Jackson - Carl Isaacs, who helped kill six members of a southwest Georgia farming family 30 years ago, was put to death Tuesday night. The 49-year-old Isaacs died of a lethal injection at 8:07pm for orchestrating the Alday family killings in Seminole County on May 14th, 1973.

Isaacs declined an opportunity to make a final statement, but did ask for a final prayer. After the prayer he mouthed "Amen." Appeals and a retrial kept Isaacs on death row longer than anyone else in the nation. The Supreme Court refused to grant a last-minute stay, although Justices John Paul Stevens and Stephen Breyer said the court should have agreed to consider Isaacs' claim that it was unconstitutional to execute him after his long imprisonment.

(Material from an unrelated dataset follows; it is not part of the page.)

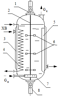 Верхнее расположение привода более удобно для обслуживания, нижнее обеспечивает более высокий уровень стерильности. Число ярусов мешалки - от 1 до 6 и зависит от высоты и геометрических пропорций аппарата. Число оборотов мешалки зависит от типа мешалки и обычно не превышает 300 об/мин. Число отражательных перегородок обычно 3-8 и зависит от диаметра аппарата, а их ширина составляет 0,1-0,12 D аппарата. Внутренние теплообменники - обычно трубчатые, самых разных конструкций, а внешние - рубашки разных конструкций. Рис. 6. Ферментер с перемешиванием и барботажем: 1 - привод; 2 - вал; 3 - рубашка; 4 - змеевик; 5 - отражательная перегородка; 6 - мешалка; 7 - барботер; 8 - нижний привод. Достоинства - высокая интенсивность массообменного процесса, возможность регулирования параметров (nс, Qг), стерильность процесса, отработанность конструкции. Недостатки - относительно высокая энергоемкость, сложность мойки и стерилизации из-за множества внутренних устройств.

Over the years, Isaacs' lawyers argued that publicity prevented him from receiving a fair trial and tried to explain his actions by shedding light on his abusive childhood in Baltimore. A retrial ended in the same verdict and sentence.

In his final days, Isaacs, through his lawyer, offered remorse for the killings, saying he was not the same hotheaded person who committed the crime at 19. The Alday family was unmoved, citing Isaacs' own boastful words in a series of 1975 prison interviews.

At the time of the murders, Isaacs was on the run from authorities after escaping from a minimum-security prison camp in Maryland. Two other men are serving life sentences for the murders. A third was released from prison in 1993.